Se quedaron conversando hasta la hora del almuerzo. Felipe la invitó a almorzar en una cafetería cercana.
– Otro día vamos a ir juntos- dijo ella. Ahora debía ir a cambiarse. No quería pescar un resfrío con la camisa mojada y el frío de invierno de la oficina.

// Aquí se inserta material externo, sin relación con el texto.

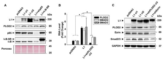 In previous studies, we have shown that the increase in the expression of various genes in CRC cells following L1 transfection operates by a mechanism that involves cooperation between ezrin and NF-κB signaling [,,,]. Since the induction of PLOD2 by L1 depends on ezrin (Supplementary Table S1), we wished to determine the downstream effectors of the ezrin-mediated increase in PLOD2. We began by analyzing the levels of PLOD2 in L1-expressing CRC cells in which the signaling by NF-κB was compromised by the expression of a shRNA against the p65 subunit of NF-κB (Figure 5A, L1 + shp65), or by expressing a mutant form of IκB that suppresses the NF-κB pathway (Figure 5A, L1 + IκB-SR). The results presented in Figure 5A show that interference with the NF-κB pathway in L1-expressing cells did not significantly affect the levels of PLOD2 (Figure 5A, L1 cl1 and cl2, compared to L1 + shp65 and L1 + IκB-SR). This suggests that the induction of PLOD2 that depends on ezrin does not involve the NF-κB pathway.
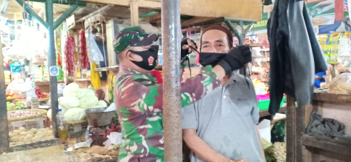 “Gunakan masker dengan benar apabila keluar rumah, setiap selesai beraktivitas, mencuci tangan dengan sabun dan bilas dengan air yang mengalir,”imbau Danramil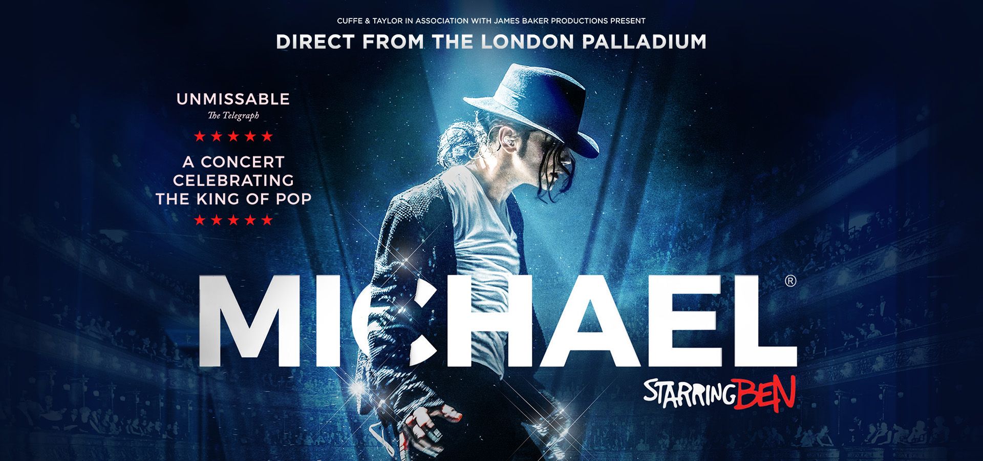 Michael Starring Ben is a hit theatre production starring the UK's ultimate Michael Jackson tribute star, Ben Bowman. Not only does Ben look and sound like the King of Pop, but he's honed his routine so carefully that audiences truly believe they are watching Michael Jackson himself.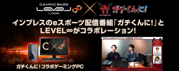 インプレス PC Watchの若杉編集長とプロ格ゲーマーのガチくん氏がMCを務める、eスポーツ配信番組「ガチくんに!」とLEVEL∞とのコラボゲーミングPC全機種が、パソコン工房Webサイトにてお得に購入できるキャンペーンだ。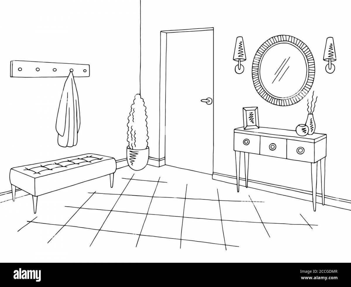 ![Раскраска прихожая с мебелью]()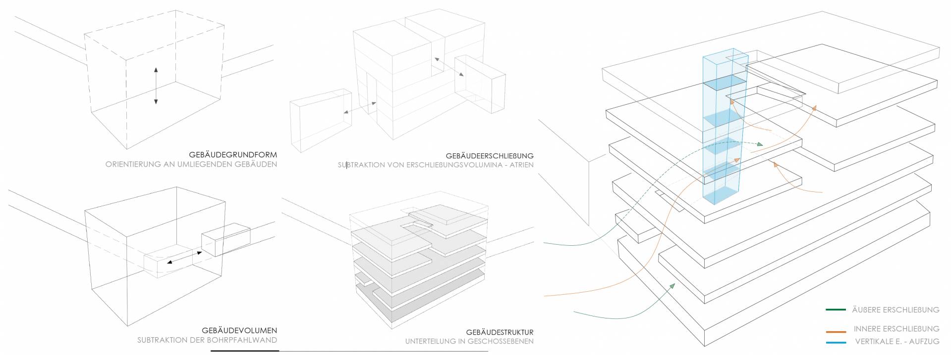 Der zunächst kompakt wirkende Kubus wird hierbei durch Subtraktion der angrenzenden Bohrpfahlwand, sowie des kreuzweise verlaufenden Treppenkerns in eine innere Struktur gebracht.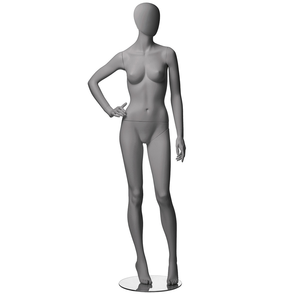 Κούκλα βιτρίνας της σειράς Metro Dame σε ίσια όρθια στάση. To κεφάλι είναι αυγοειδές (χωρίς καθόλου χαρακτηριστικά προσώπου) και κοιτάει αριστερά, δεξί χέρι στη μέση και αριστερό κάτω, πατούσες στις μύτες. Δάχτυλα χεριών και ποδιών είναι ρεαλιστικά. Είναι κατασκευασμένη από Fiberglass (λεπτές ίνες γυαλιού) ένα υλικό με μεγάλη αντοχή και μικρό βάρος.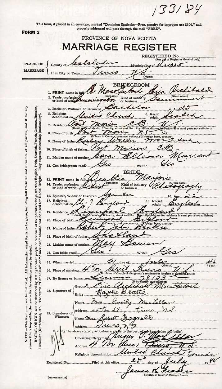 26. Place of marriage 4 Tor Street Truro, Colchester County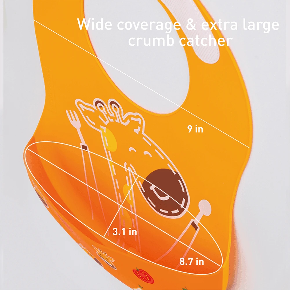 The extra large crumb catcher is big enough to keep the clothes stay clean and the wide shoulder design gives your little one more coverage from the neck down. The built-in velcro closure makes adjustment so convenient yet it stays securely on the baby. Our baby bibs are made from food grade, soft and stain resistant silicone. Simply wash it with soapy water and it is ready for the next meal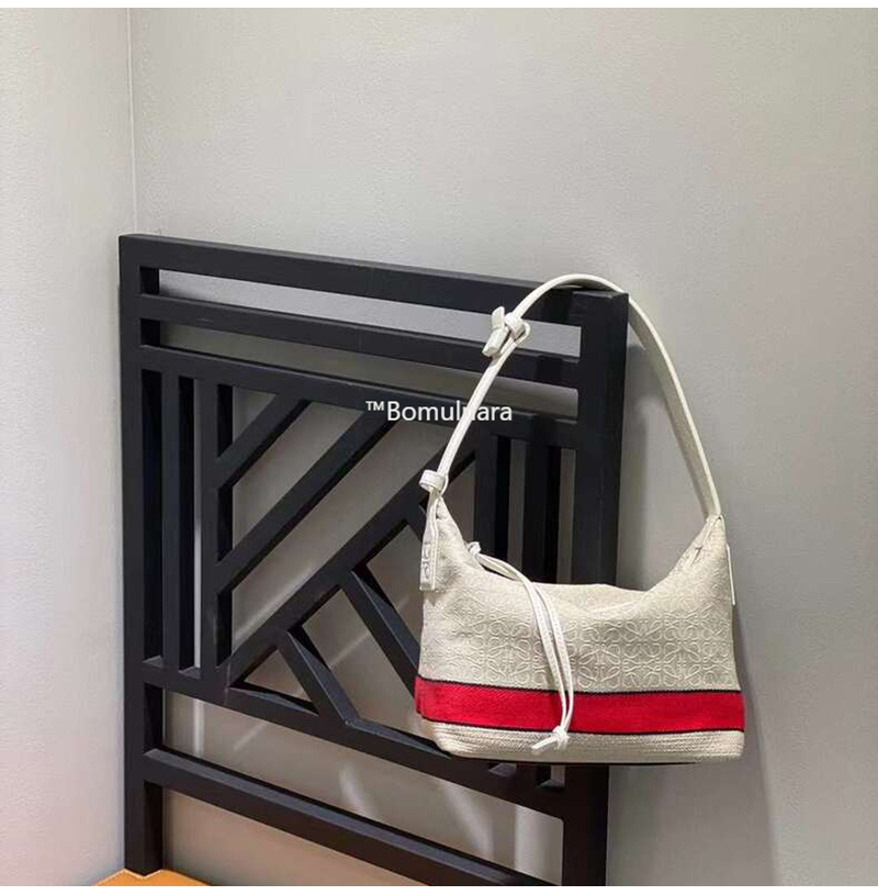 [스페셜오더]Loewe x Paula Ibiza 66076-로에베 x 파울라 이비자 크림&레드 CUBI 스트라이프 스몰 숄더백

Era extraño Felipe, pensó, mientras se dirigía a su casa. Le había largado una extensa charla sobre las "realidades del oficio". Según decía, trató de disuadir a los dueños del reparto de cambiar la ubicación del Centro Comercial, sin resultado. Las tierras, compradas a la alcaldía a precio de ganga, eran tierras "nacionales". El alcalde ganaba en la transacción. Y los planos ya estaban terminados. "Sólo quería tu opinión", le dijo. No sería ella quien tendría que diseñar las paredes que aplastarían al gordo y su taller de vulcanización. Sólo quería "aterrizarla". Era mejor caminar con los pies sobre la tierra, le dijo.